BSC2010 Lecture 13 Review

Practice Questions

  • Question: Which of the following amino acids is not commonly phosphorylated?

    • A. Tyrosine

    • B. Serine

    • C. Cysteine

    • D. Threonine

Allosteric Regulation of Enzyme Activity

  • Allosteric sites can be modified by:

    • Reversible covalent binding of a molecule

    • Phosphorylation: A phosphate group is added by a protein kinase on an amino acid residue (serine, threonine, or tyrosine).

    • If the modification occurs in a hydrophobic region, it may induce changes that affect interactions with hydrophilic regions of the enzyme.

    • Protein Phosphatases: Remove phosphate groups from proteins.

    • Significance of Phosphorylation: It is crucial for cells to regulate enzymes and other proteins.

R Group Modification Through Phosphorylation

  • Phosphorylated Amino Acids:

    • Serine: Phosphoserine

    • Threonine: Phosphothreonine

    • Tyrosine: Phosphotyrosine

  • Impact of R Group Modification:

    • The addition of a chemical group changes interactions with nearby amino acids, affecting the protein's shape.

The Twenty Common Amino Acids

  • Grouped according to properties conferred by their side chains:

    • Differences in charge, polarity, size, shape, and functional groups lead to structural diversity and specificity in interactions.

  • Examples of Amino Acids:

    • Glycine: Small, fits into tight corners.

    • Proline: Forms a covalent bond with its hydrocarbon side chain causing a ring structure, which stabilizes bends or loops in proteins.

Formation of Disulfide Bonds

  • Cysteine:

    • Contains a terminal sulfhydryl (─SH) group that can react with another cysteine side chain to form a disulfide bridge or disulfide bond (─S─S─).

    • Function: Stabilization of the three-dimensional structure of proteins.

Primary Active Transport

  • Definition: Involves the direct hydrolysis of ATP for energy.

  • Sodium-Potassium Pump (Na+-K+ Pump):

    • Moves Na+ out of a cell while bringing K+ in.

    • For every molecule of ATP consumed, 3 Na+ ions are pumped out, and 2 K+ ions are pumped in, maintaining concentration gradients.

Differences Between Active and Passive Transport

  • Active Transport: Requires energy input, moves substances against their concentration gradients via carrier proteins.

  • Passive Transport: Does not require energy, substances move down their concentration gradients.

Signal Transduction and Cellular Response

  • Concept Overview:

    • Cells can detect and respond to signals through specific receptors.

    • Signals can promote various cellular responses such as opening ion channels or altering enzyme activity.

Signal Amplification

  • The cascade of cellular events during signal transduction increases the amplification and distribution of the initial signal.

Cellular Respiration

  • Inputs for Cellular Respiration:

    • Glucose and oxygen are the main inputs.
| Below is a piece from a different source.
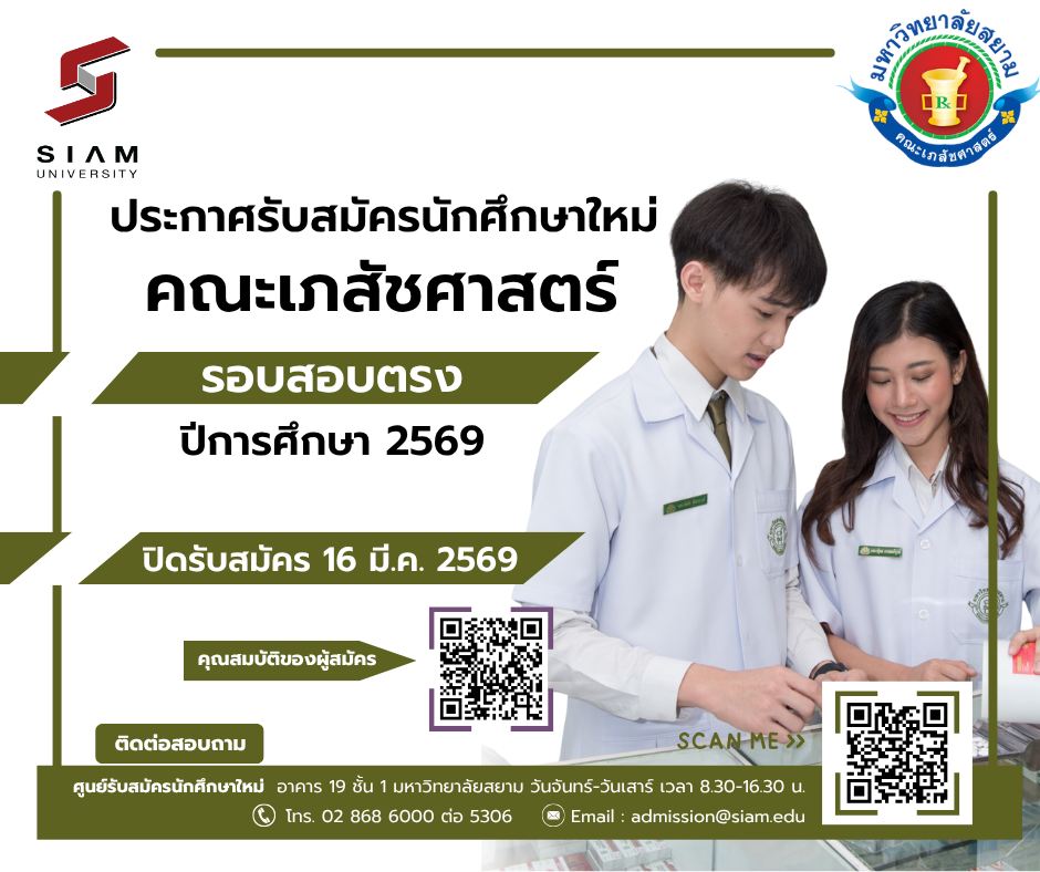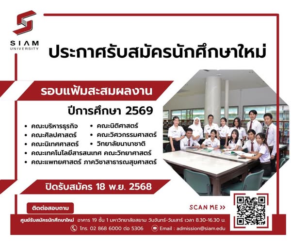 รายละเอียด : https://admission.siam.edu/2025/10/04/admission69/

  • ATP Production: A single glucose molecule can yield approximately 30 to 32 ATP during aerobic respiration, involving glycolysis, pyruvate oxidation, the citric acid cycle, and oxidative phosphorylation:

    • Glycolysis: Glucose → 2 pyruvate + 2 ATP + 2 NADH

    • Pyruvate Oxidation: 2 Pyruvate → 2 CO₂ + 2 Acetyl CoA + 2 NADH

    • Citric Acid Cycle: 2 Acetyl CoA → 4 CO₂ + 2 GTP + 6 NADH + 2 FADH₂

    • Oxidative Phosphorylation: 10 NADH + 2 FADH₂ → approximately 26-28 ATP

Photosynthesis Overview

  • Two main pathways involved:

    1. Light Reactions: Convert light energy into chemical energy (ATP and NADPH).

    2. Carbon Fixation Reactions: Use ATP and NADPH to produce carbohydrates.

Practice Questions Summary

  • Carbon dioxide is:

    • a) nonpolar; simple diffusion

    • b) polar; facilitated diffusion

  • During a typical hydrolysis reaction:

    • Energy required for bond breaking vs. energy released during product formation.

  • Enzyme Functionality:

    • Enzymes lower activation energy and regulate cell activity.

Conclusion

  • Understanding the properties and functions of biomolecules is core to cellular biology, driving processes such as signal transduction, energy metabolism, and the structural roles of proteins.